### Data excerpt
'''

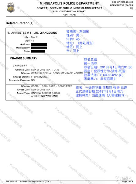 根据明尼阿波利斯警察向PingWest品玩记者/百度新闻特约记者展示的报告,刘强东疑犯一级强奸罪,于8月31日被警方逮捕。
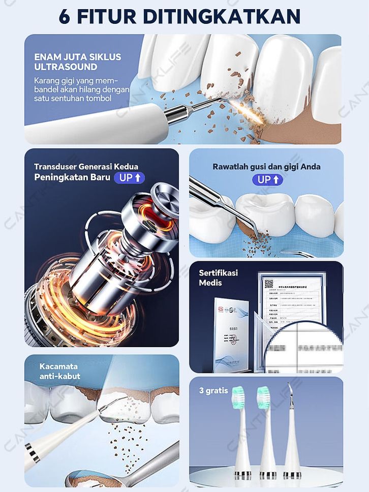 Scaler Gigi Ultrasonik Pembersih Gigi Listrik Penghapusan Tartar Pembersihan Karang Gigi Pemutih Gigi
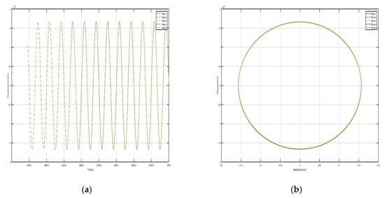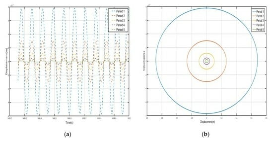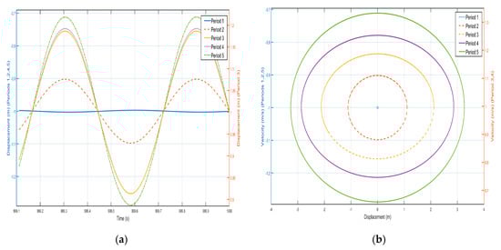 Figure 22. Five periodic shells’ (a) displacement–time history curves and (b) velocity-displacement phase diagrams. (zero mass).
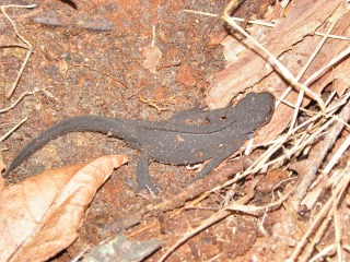 【左】スズダケが生えた表日本側のブナ林 【右】倒木を起こしたらイモリが冬眠していました。

'''

### About this exercise
Look for the line that contains "Scaler Gigi Ultrasonik", then please copy it and the rest of the lines through the end of the data, pictures excluded.

### Exercise response
 Scaler Gigi Ultrasonik Pembersih Gigi Listrik Penghapusan Tartar Pembersihan Karang Gigi Pemutih Gigi
 Figure 22. Five periodic shells’ (a) displacement–time history curves and (b) velocity-displacement phase diagrams. (zero mass).
 【左】スズダケが生えた表日本側のブナ林 【右】倒木を起こしたらイモリが冬眠していました。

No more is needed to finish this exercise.